Ian A. McFarland has also talked of divine creation and divine conservation as "single aspects of a single divine project".
Aquinas had also enabled theologians to point out that the steady-state universe model was not in conflict with Christian doctrine, as Aquinas had allowed for that.

Treated as a scientific hypothesis, divine conservation is untestable and unfalsifiable and thus outwith the realm of scientific inquiry.
But Michael P. Levine of the University of Western Australia notes that it is still faultable on philosophical grounds.
In particular, it has a strong dependence from a theistic position; remove the tacit assumption of theism and a lot of the statements made by Descartes et al. become self-evidently false.
For example, without a theist foundation Descartes's assertion that conservation requires the same power as creation becomes evidently false when one considers that it does not require the same power to hold some material object in place as it does to initially move it to that place.
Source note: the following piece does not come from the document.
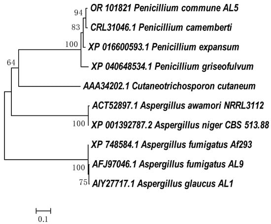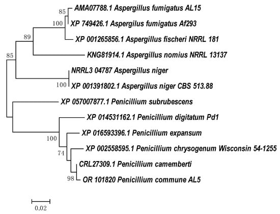 Despite the large number of studies on the degradation of aromatic compounds by eukaryotic microorganisms, information on the genes relating to degradation enzymes is not widely available in the NCBI database. Cladograms showing the phylogenetic closeness of the amino acid sequences defining the enzymes with phenol hydroxylase and catechol 1,2 dioxygenase activities in strain P. commune AL5 are shown in Figure 3 and Figure 4, respectively. The partial protein sequences for both enzymes that we obtained shared the highest degree of similarity with sequences from a member of the genus P. camemberti (CRL31046.1 and CRL27309).

In Levine's words it "does not take as much effort or force to maintain a house in existence as it takes to build it—though it may sometimes seem that way."

However, Philip L. Quinn advanced the position that it is also not incompatible with whatever mass-energy conservation laws modern physics may construct.
Adolf Grünbaum argued that this is mistaken inasmuch as the mathematical formalisms offered by Quinn for these theological concepts in order to relate them to physics are so "obscure and elusive" that they end up lacking explanatory power.
Grünbaum contradicted Quinn, arguing that neither the Big Bang nor the steady-state models of the universe are logically compatible with a claim that divine conservation and continuous creation are causally necessary to the universe.
Grünbaum further argues that the principle of conservation of mass-energy is not only formulated in physics as a naturally arising law with no need for support; but furthermore, as taught at freshman science level, it states that mass-energy can neither be created nor destroyed, which stands in direct opposition to the argument that a divine being has the power to do exactly that.